Stored records
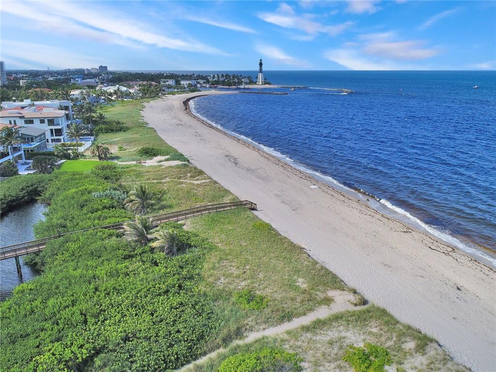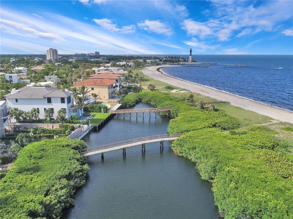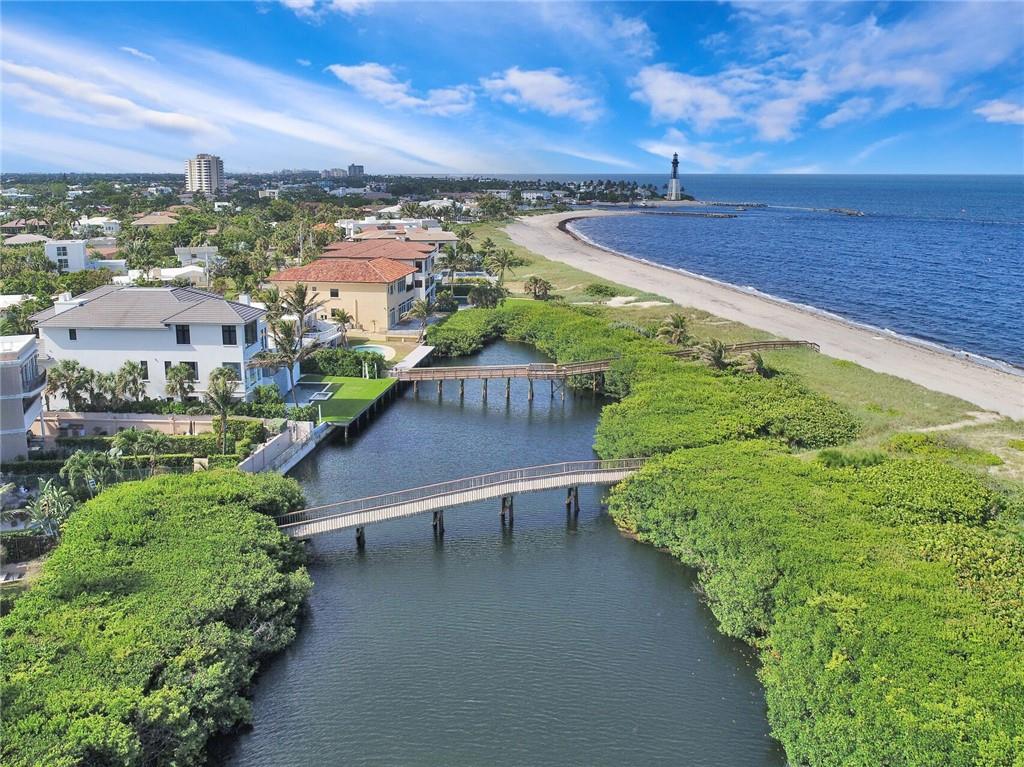 Your dream of a home at the beach is about to come true. Hillsboro Bay By The Sea is a unique upscale oceanfront gated community on one of the most beautiful stretches of beach in South Florida. Your gated beach access is unlike any other with a footbridge over a lagoon through lush tropical mangroves to the sand where you will enjoy the view of the lighthouse and endless boat parade through Hillsboro inlet. This spacious tri-level townhome is architecturally designed with European elegance. Elevator, marble floors, 2 car garage, new A/C, move in ready. 1st floor flex room & bath-4th bedroom/in-law suite or family room opens to private patio with in-ground spa & natural gas BBQ grill. From master suite balcony, you can catch a glimpse of the ocean! This is your opportunity. Call today.
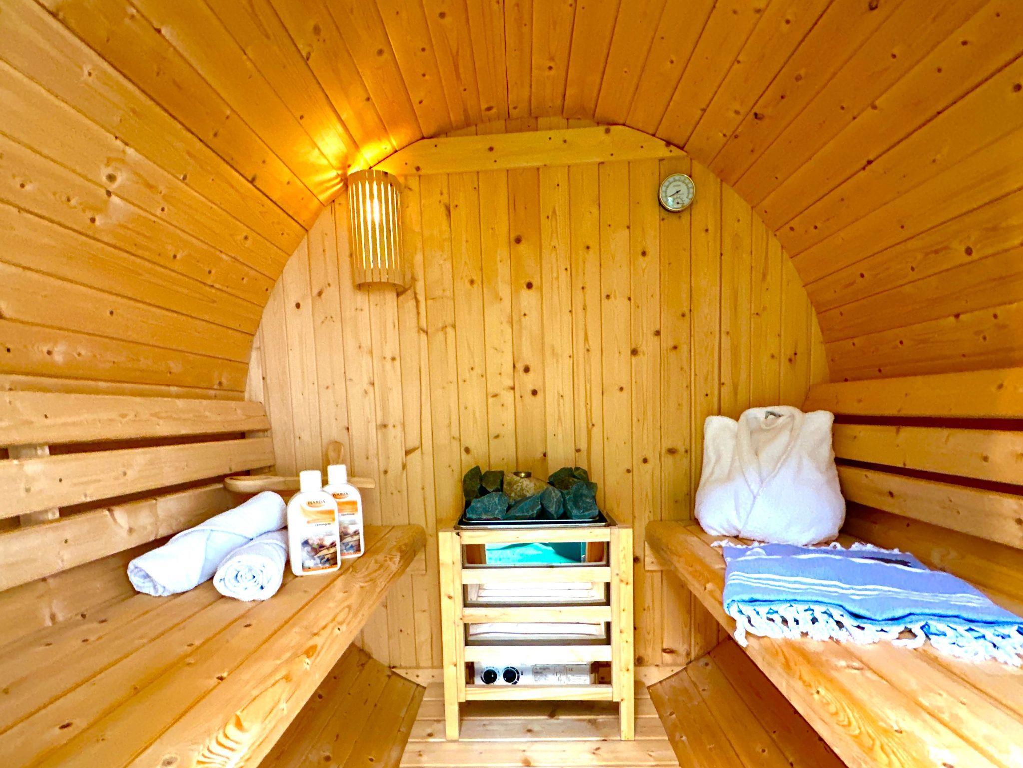 Genießen Sie einige ruhige Stunden allein oder mit Ihrer Lieblingsbegleitung. Neben einem Bademäntel, erhalten Sie von uns Sauna- und Handtücher sowie Einmalbadeschuhe. Ein Saunaaufguss mit außergewöhnlichen Aromen und ein Saunasalz wird ebenfalls von uns gestellt.
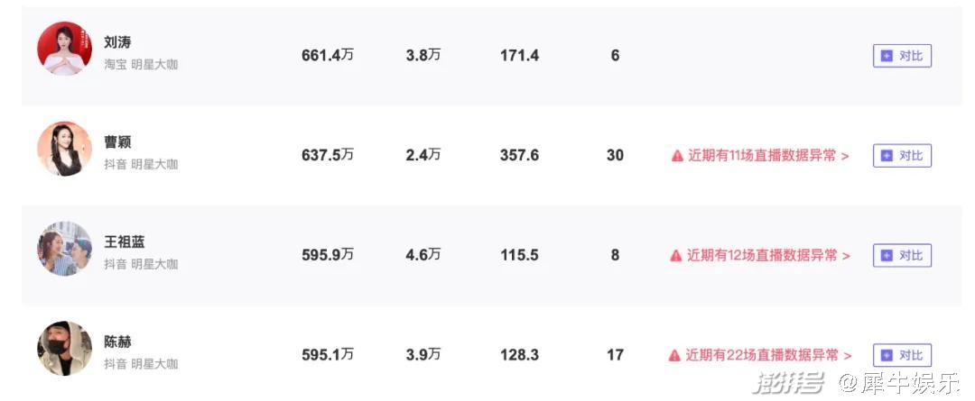 曾一度称霸淘宝带货界的“刘一刀”刘涛,近30天就只直播了两场带货,场均销售额仅有609.5万;去年战绩稳定的李诞最近一次直播还得追溯到1月17日,已接近三个月未开播,而他那次直播也仅拿下927.68万的销售额;而至于陈赫、戚薇等人,他们每月都仅能保留一至两场直播。
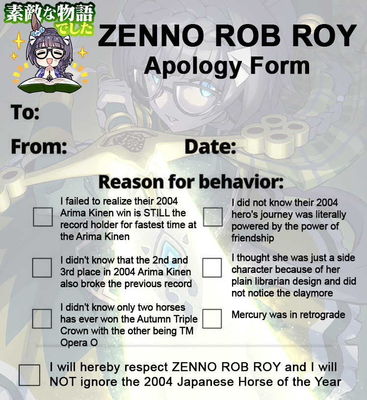 Previous: >>548218178>Global Game NewsCurrent Scenario: Aoharu Hai aka "Unity Cup"Current Specials Missions: Half Anniversary Part 2+3Current Rate Up: Rice Shower (3* Alt), Super Creek (3* Alt), Tamamo Cross (SSR), Zenno Rob Roy (SSR)https://umamusume.com/news/100040/https://pages.snep.pw/uma/anni-skill-changes/11/24 - Halloween EventDecember TBA - LIBRA CUP - Kyoto 3000m>JP Game NewsCurrent Rate Up: Buena Vista (3*), Transcend (3* Alt), Wonder Acute (3* Alt), Tokai Teio (SSR), Mihono Bourbon (SSR), Kiyoko Hoshina (SSR)New Scenario "Yukoma Hot Spring" releasedTimeline: https://uma.moe/timeline>IP NewsUmamusume Cinderella Gray 2nd season started weekly airings on 10/5>Thread Clubshttps://rentry.co/umaglobalclublistYou must be E3 (20k points) to join a circle. Apply with /uma/ or /vg/ in your profile or post ID in the thread.>All Guides & Resourceshttps://rentry.org/uma26Game databasehttps://gametora.com/umamusume (Click the gear to switch between JP / global server info)A basic guide for newfagshttps://rentry.org/umaglobalFind networks if your region is blocked from the game or clienthttps://www.umavpn.top/93Seiyuu & Concertshttps://rentry.org/umst
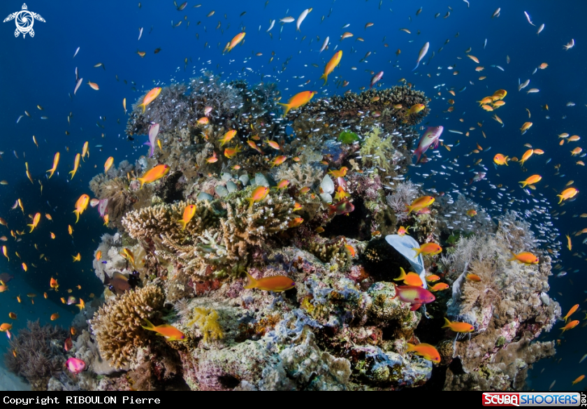Une patate de coraux bien remplie de poissons dans la passe en S à Mayotte. | RIBOULON Pierre's Photo
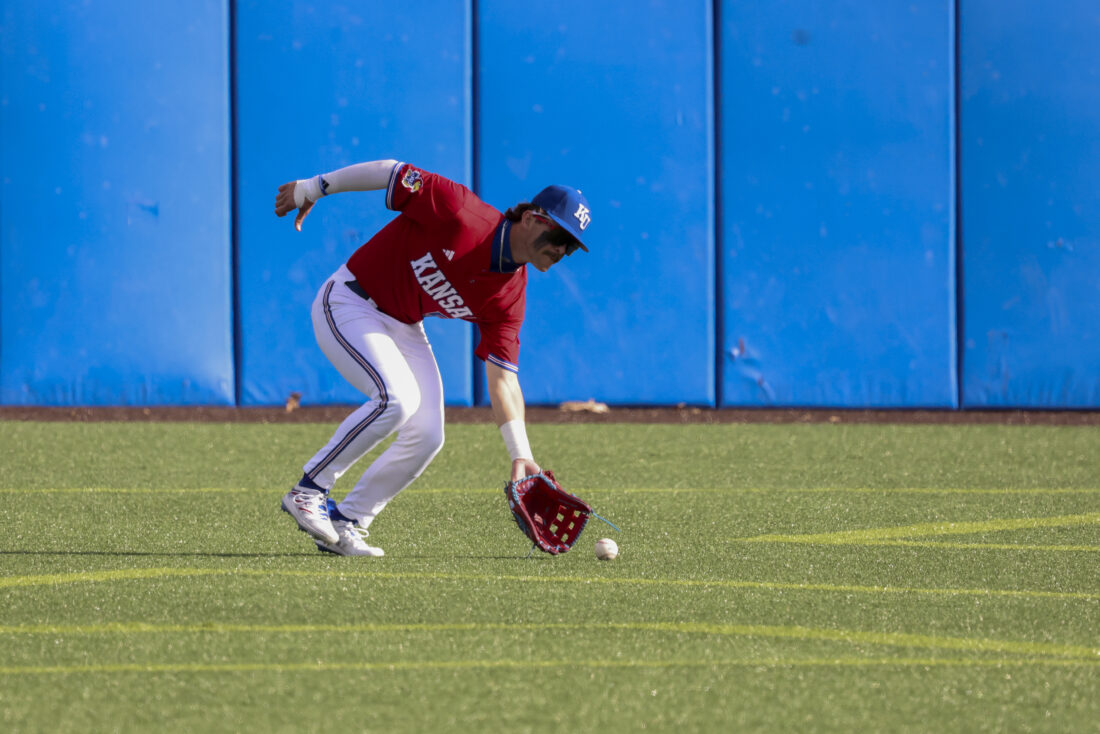 Kansas center fielder Tyson Owens fields a ground ball during game two of the Jayhawks’ doubleheader against UCF on Saturday, April 11, 2026, at Hoglund Ballpark in Lawrence.

▸ **WHAT YOU ARE ASKED TO DO**
Copy every line of the records exactly as it is written, but not the pictures.

▸ **SOLUTION TO THE EXERCISE**
 Your dream of a home at the beach is about to come true. Hillsboro Bay By The Sea is a unique upscale oceanfront gated community on one of the most beautiful stretches of beach in South Florida. Your gated beach access is unlike any other with a footbridge over a lagoon through lush tropical mangroves to the sand where you will enjoy the view of the lighthouse and endless boat parade through Hillsboro inlet. This spacious tri-level townhome is architecturally designed with European elegance. Elevator, marble floors, 2 car garage, new A/C, move in ready. 1st floor flex room & bath-4th bedroom/in-law suite or family room opens to private patio with in-ground spa & natural gas BBQ grill. From master suite balcony, you can catch a glimpse of the ocean! This is your opportunity. Call today.
 Genießen Sie einige ruhige Stunden allein oder mit Ihrer Lieblingsbegleitung. Neben einem Bademäntel, erhalten Sie von uns Sauna- und Handtücher sowie Einmalbadeschuhe. Ein Saunaaufguss mit außergewöhnlichen Aromen und ein Saunasalz wird ebenfalls von uns gestellt.
 曾一度称霸淘宝带货界的“刘一刀”刘涛,近30天就只直播了两场带货,场均销售额仅有609.5万;去年战绩稳定的李诞最近一次直播还得追溯到1月17日,已接近三个月未开播,而他那次直播也仅拿下927.68万的销售额;而至于陈赫、戚薇等人,他们每月都仅能保留一至两场直播。
 Previous: >>548218178>Global Game NewsCurrent Scenario: Aoharu Hai aka "Unity Cup"Current Specials Missions: Half Anniversary Part 2+3Current Rate Up: Rice Shower (3* Alt), Super Creek (3* Alt), Tamamo Cross (SSR), Zenno Rob Roy (SSR)https://umamusume.com/news/100040/https://pages.snep.pw/uma/anni-skill-changes/11/24 - Halloween EventDecember TBA - LIBRA CUP - Kyoto 3000m>JP Game NewsCurrent Rate Up: Buena Vista (3*), Transcend (3* Alt), Wonder Acute (3* Alt), Tokai Teio (SSR), Mihono Bourbon (SSR), Kiyoko Hoshina (SSR)New Scenario "Yukoma Hot Spring" releasedTimeline: https://uma.moe/timeline>IP NewsUmamusume Cinderella Gray 2nd season started weekly airings on 10/5>Thread Clubshttps://rentry.co/umaglobalclublistYou must be E3 (20k points) to join a circle. Apply with /uma/ or /vg/ in your profile or post ID in the thread.>All Guides & Resourceshttps://rentry.org/uma26Game databasehttps://gametora.com/umamusume (Click the gear to switch between JP / global server info)A basic guide for newfagshttps://rentry.org/umaglobalFind networks if your region is blocked from the game or clienthttps://www.umavpn.top/93Seiyuu & Concertshttps://rentry.org/umst
Une patate de coraux bien remplie de poissons dans la passe en S à Mayotte. | RIBOULON Pierre's Photo
 Kansas center fielder Tyson Owens fields a ground ball during game two of the Jayhawks’ doubleheader against UCF on Saturday, April 11, 2026, at Hoglund Ballpark in Lawrence.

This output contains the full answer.